There will be a squash World Cup in Chennai, India, this year. That is about as much as we know at this stage, other than it will be a mixed gender team event and “revamped” from when it was last held in 2011.
At the WSF congress last autumn, president Zena Wooldridge hinted that the Indian city could host the 2025 event as well, suggesting that there will be a continual place on the calendar following a multi-year deal.
Whether the event – held at Chennai’s Express Avenue Mall 12 years ago with a $50,000 top prize – will be a shortened format, either best of three or even seven, remains to be seen. But there certainly seems to be a place on the PSA/WSF calendar for a regular event first staged in Kuala Lumpur in 1996 and only twice since at senior level. More so when you consider that there is no global nations event outside of the regular European or World Team Championships.
In November, a best-of-seven games scoring format was used throughout the inaugural four-day Nations Cup Squash event in New Zealand, with each game first to seven points.
“I didn’t know what to expect and even with the power play the crowd absolutely loved it,” Sarah-Jane Perry, who played for England, told Squash Mad recently.
Here, each player could opt for a power play twice in the match, where he or she could win two points in the eight nation event. “I loved it to be honest,” added Perry, who is also PSA women’s president.
“The best of three, if you asked me in the beginning, I was against it as you would take the physicality out of it.

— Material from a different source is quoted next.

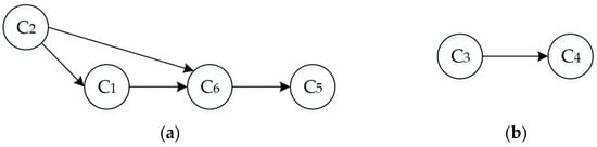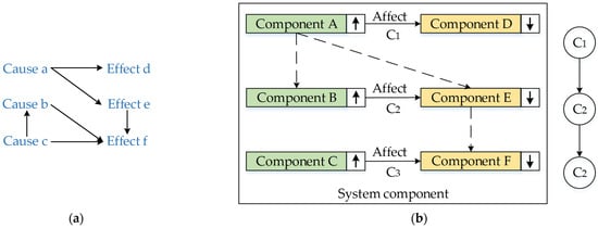 - Simple problem area: The cause-effect relationship in this area is a one-to-one correspondence, as shown in Figure 2a. The relation from analogy to conflict is shown in the improvement of each component with problems of other components, but there is no mutual influence between improved and affected components. Extracted conflicts are independent, as shown in Figure 2b, where C1 and C2 represent conflicts.

“But the sport has changed so much in that time and now you have to be quicker, it’s fast and mentally you have to think differently.”
As Perry said, for all the PSA events on tour, a mix of events which aren’t all best-of-five is key in terms of variety. “As long as the sponsors and fans like it, we are the entertainers and we need to do what they want to do,” she said.
Perry played with Mohamed Elshorbagy, who will play the European Team Championships and World Teams in 2023 for England.
“We are so individual, but I was talking to SJ alot and I learnt to become a team player from her. I can’t wait to play the Europeans,” said Elshorbagy.
While the squash purists may be against these types of formats, the Nations Cup event at the Trustpower Baypark Arena in Tauranga had some strong local backing and sponsorship and was a welcome tonic from the cut and thrust of PSA World Tour life.
“You speak to casual squash fans or those new to squash,” Perry added, “and they enjoy seeing new players and aren’t bothered by the brevity of some of the matches. They get to see a lot of players in the same amount of time.
“There is a place for it and it shouldn’t be at every tournament. There is a place in certain situations. If you are adding more events into the schedule of the players, then bringing in the best of three keeps the players safer from injuries and allows them to play without increasing playing time too much.”
Following the 2011 event, then WSF chief Andrew Shelley said: “World Cups are synonymous with the very best. The top cricketers are playing theirs at the moment, and the world stops for football’s. Ours may not command quite the same level of media attention as the other two, but we have an ingredient they do not – mixed teams.”
In an era of increasing shortened format sports, the re-emergence of the World Cup also comes at a time when world squash officials will be collating their bid book for another stab at Olympic inclusion for Los Angeles 2028. Mixed gender? Economical value of drop in courts at existing, eye-catching venues? Once again the sport has everything it needs to sway IOC suits as squash carries on.